-- YOUR OBJECTIVE --
Since the listing below shows pictures, leave them out and write out exactly the lines from the line with "Essen gab es" to the line with "Kerti szerszámkészlet - hobbi, összeállítás: keskeny", both included, and no others.

-- STORED DATA --
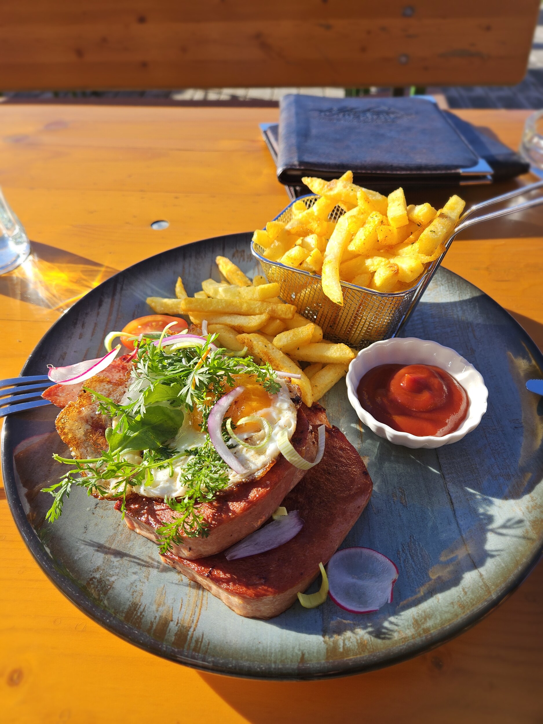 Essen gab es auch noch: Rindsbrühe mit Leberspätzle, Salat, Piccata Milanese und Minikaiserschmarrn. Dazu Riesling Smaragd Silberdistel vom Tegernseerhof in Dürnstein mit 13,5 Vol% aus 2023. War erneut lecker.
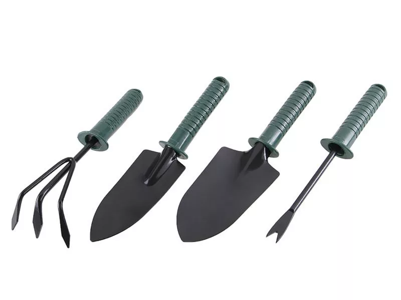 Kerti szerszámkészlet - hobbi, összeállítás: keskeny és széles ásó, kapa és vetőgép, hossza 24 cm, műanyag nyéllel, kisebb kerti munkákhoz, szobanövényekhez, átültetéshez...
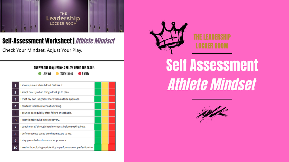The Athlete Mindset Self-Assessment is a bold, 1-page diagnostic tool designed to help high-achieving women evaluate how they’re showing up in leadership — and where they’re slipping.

...

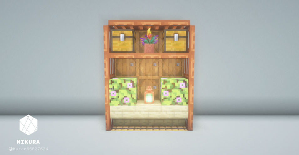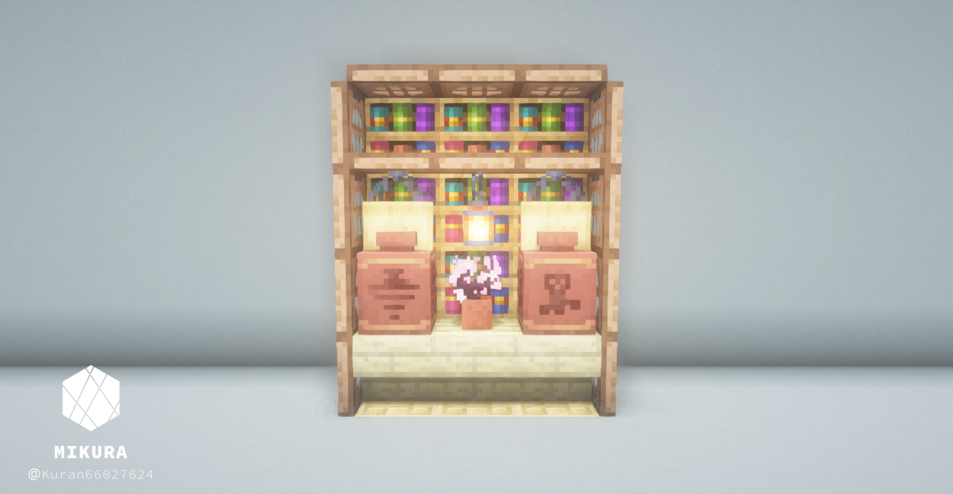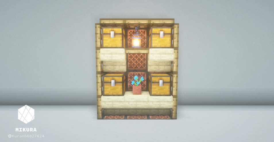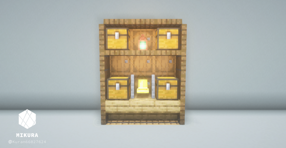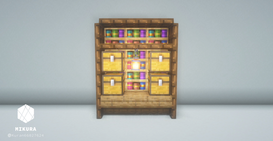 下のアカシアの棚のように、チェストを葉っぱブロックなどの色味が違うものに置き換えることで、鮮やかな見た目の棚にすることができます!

-- SOLUTION --
 Essen gab es auch noch: Rindsbrühe mit Leberspätzle, Salat, Piccata Milanese und Minikaiserschmarrn. Dazu Riesling Smaragd Silberdistel vom Tegernseerhof in Dürnstein mit 13,5 Vol% aus 2023. War erneut lecker.
 Kerti szerszámkészlet - hobbi, összeállítás: keskeny és széles ásó, kapa és vetőgép, hossza 24 cm, műanyag nyéllel, kisebb kerti munkákhoz, szobanövényekhez, átültetéshez...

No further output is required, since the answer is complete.